ご存じ化粧品のポーラが運営する美術館です。
箱根の強羅からバスで約15分。山道を仙石原に向けて進むと、森の中にエントランスがひっそりと現れます。

今年の当社の慰安旅行は箱根でした。初日は富士屋ホテルを満喫しました。2日目は登山電車で強羅へ行き、ロープウェイに乗り継いで大涌谷を経由し、芦ノ湖へ抜けるという行程です。

その途中の強羅には規模が小さいながらも、なかなか興味深い美術館がたくさんあって、どこを見学するか迷った結果、ここにしました。

ポーラ美術館1

中に入ってみると外から見るよりもかなり広い建物で、デザインも秀悦。それだけでかなり満足していたのですが、展示物を見てその驚きは何倍にも増幅されました。

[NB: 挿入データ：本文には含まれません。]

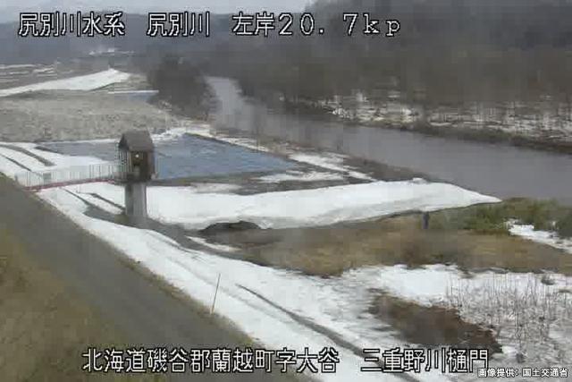 尻別川 20.7kp左岸 三重野川樋門周辺の河川ライブカメラ

ピカソ、マチス、ルノワール、ゴッホ、モジリアーニ、ユトリロ、セザンヌとおおよそ知っている有名な画家の作品はほとんど見ることができます。それもそれぞれの画家の作品が複数あるので、常設展だけでもどこかのもっさい市立美術館とは雲泥の差。

その上ミュージアムショップには様々なグッズが並び、ライトなカフェとコース料理が食べられるレストランまで完備。

これだけ素晴らしい美術館なのにガイドブックではその他の美術館と変わらない扱いでしか掲載されていません。
これこそ穴場。
箱根に旅行される方は必見です。